67 There are, on the other hand, several recent cases in this Court where judges at first instance have declined to interpret particular statutory requirements as creating "jurisdictional facts". In Karalis v Australian Community Pharmacy Authority (1998) 90 FCR 473 Goldberg J concluded that a decision made by the Australian Community Pharmacy Authority to approve particular premises as a pharmacy was not contingent on the objective fact of the distance between two premises. Rather it was contingent on the Australian Community Pharmacy Authority having formed the opinion that the relevant distance specified in the legislation had not been exceeded.

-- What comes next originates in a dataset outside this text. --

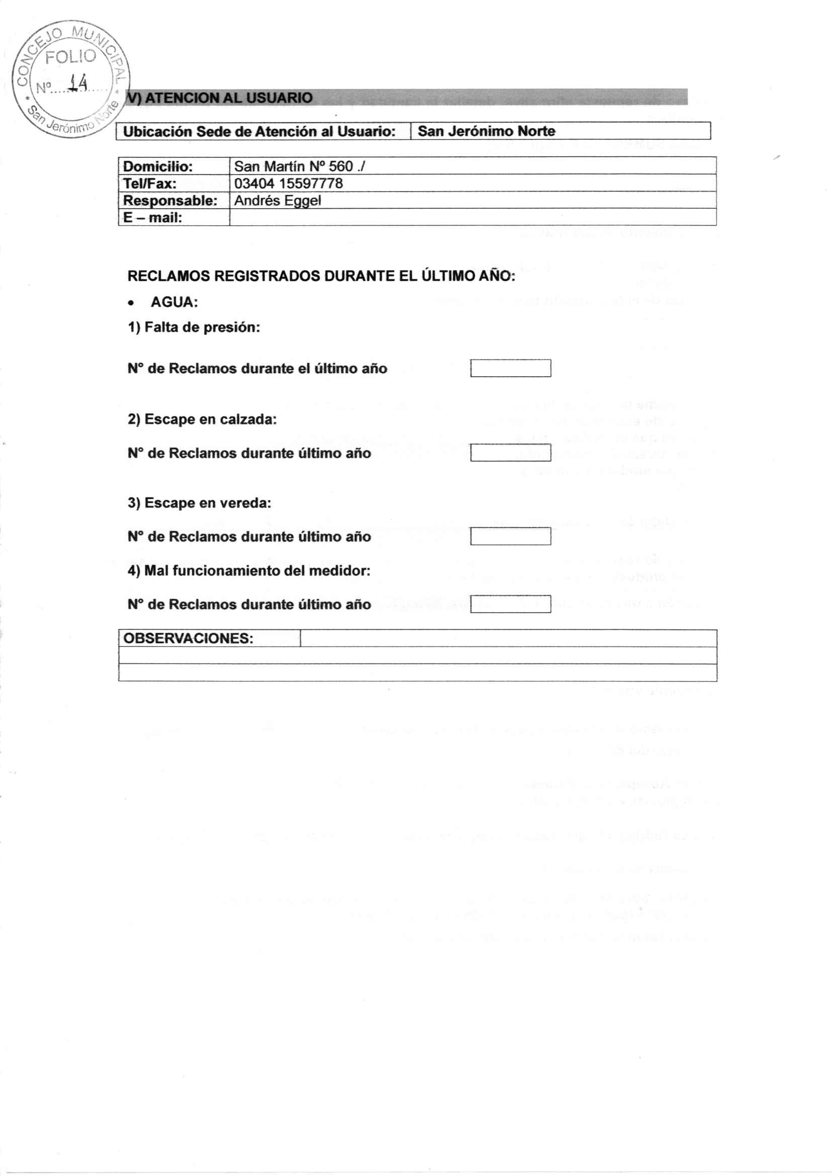 Ordenanza Nº 166: Nuevo Régimen de tarifas del Servicio de la Cooperativa de Provición de Agua Potable y Otros Servicios Públicos de San Jerónimo Norte

68 In arriving at this conclusion Goldberg J expressly followed the reasoning of Black CJ in Australian Heritage Commission v Mount Isa Mines Limited (supra). His Honour referred also to Pharmacy Guild of Australia v Australian Community Pharmacy Authority (1996) 70 FCR 462 where Branson J noted that the provisions there under consideration drew a distinction between matters of fact, and matters in respect of which the Authority had to be "satisfied". Her Honour said (at 476):
"In my view, this distinction does not reflect an intention that the Authority's power is contingent upon the actual existence of those matters of fact. Rather, the distinction between matters of fact and matters in respect of which the Authority is required to be satisfied reflects a distinction between matters capable of objective determination and those which involve an exercise of judgment …"
69 Goldberg J considered in Karalis that the appropriate course for him to take was to follow the decision of Branson J unless he thought that decision was clearly wrong. His Honour said that he was not of that opinion. He declined therefore to hold that the doctrine of "jurisdictional fact" was applicable in the particular circumstances of the case before him.

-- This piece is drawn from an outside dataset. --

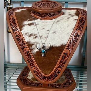 New Steer Bull Longhorn Cowgirl Cow western faux turquoise silver pendant 2”

70 It may fairly be said that the authorities which deal with "jurisdictional facts" are difficult to reconcile, and that some reflect a broader and more generous view of that "doctrine" than others. Professor Aronson perceives a "resurgence" in the "doctrine" and expresses reservations about the trend of recent authority. The decisions of the High Court in Corporation of the City of Enfield and of the New South Wales Court of Appeal in Timbarra certainly qualify as manifesting that resurgence, albeit under the ambit of ordinary principles of statutory construction.